Prefer immutable collections by default for thread safety and functional programming benefits
Choose the right collection type based on access patterns: List for sequential, Vector for random access
Use for-comprehensions for complex transformations with multiple generators and filters
Apply views for large transformations to avoid creating intermediate collections
Leverage groupBy and partition for categorizing data instead of manual filtering
Use parallel collections only for large, CPU-intensive operations on multi-core systems
Avoid size on lazy collections as it forces evaluation of the entire sequence
Prefer foldLeft over mutable accumulation for aggregating values functionally
Use Option instead of null when working with potentially missing collection elements
Apply consistent transformation patterns across all collection types for maintainable code
Using List for random access causes O(n) performance instead of O(1) with Vector
Forgetting to convert views back leaves lazy collections that compute on every access
Mutating collections in parallel causes race conditions and non-deterministic results
Not handling empty collections in reduce operations causes runtime exceptions
Using var with immutable collections defeats the purpose of immutability
Calling head on empty collections throws exceptions instead of using headOption
Inefficient string concatenation in folds should use StringBuilder or mkString
Not considering memory with large lazy sequences that retain references
Overusing parallel collections on small datasets adds overhead without benefits
Mixing mutable and immutable collections leads to unexpected mutations and bugs
Apply collection operations throughout Scala development for data transformation and processing.

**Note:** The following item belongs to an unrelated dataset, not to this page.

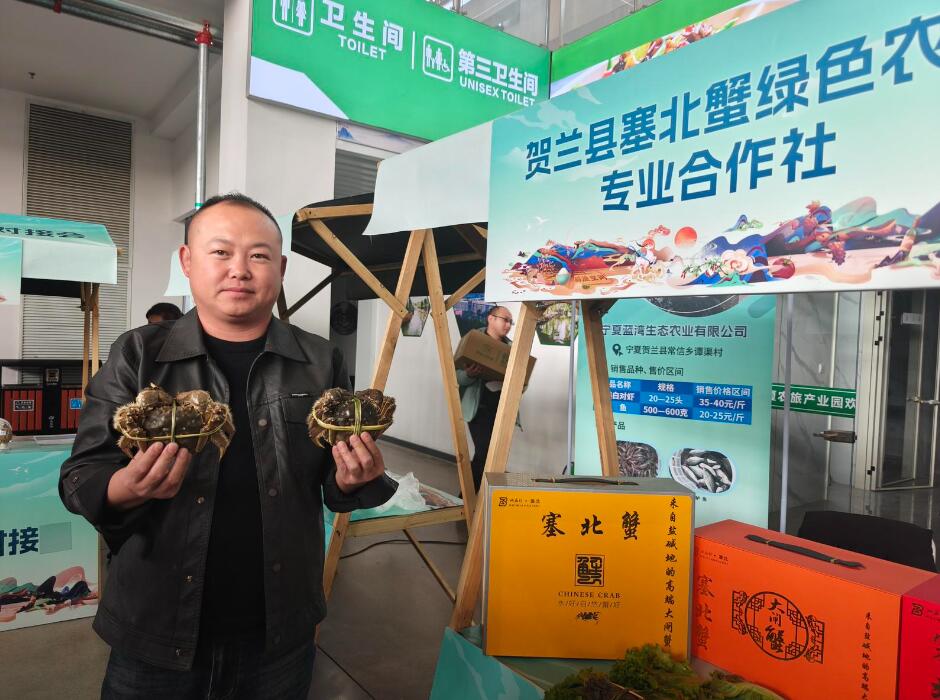 本次活动是贺兰县“百日攻坚”的一项重要内容,设特色农产品展区、休闲美食区、新材料和装备制造展区、新能源汽车展区。特色农产品区展示贺兰县作为“西北适水产业第一县”的丰厚家底,鲟鱼、石斑鱼、斑节虾、锦鲤、黄河鲤鱼等水产品应有尽有。当下时节,最靓的还是螃蟹,个大味美。“现在是吃大闸蟹的最好时节,50元一只,不论公母。”立岗镇养殖户马鸿忠说。休闲美食区,沃尔丰酒庄和原歌酒庄的葡萄酒、百瑞源的枸杞、塞尚乳业的酸奶、厚生记的休闲食品都可以免费品尝,吸引了大量顾客。

Use immutable collections for concurrent applications and public APIs to ensure thread safety.
Leverage for-comprehensions when working with multiple sequences or nested structures.
Apply lazy evaluation with views for large datasets or when chaining many transformations.
Use parallel collections when processing large datasets with CPU-intensive operations on multi-core systems.
Choose specialized collection types (Set, Map, Vector) based on specific access patterns and performance requirements.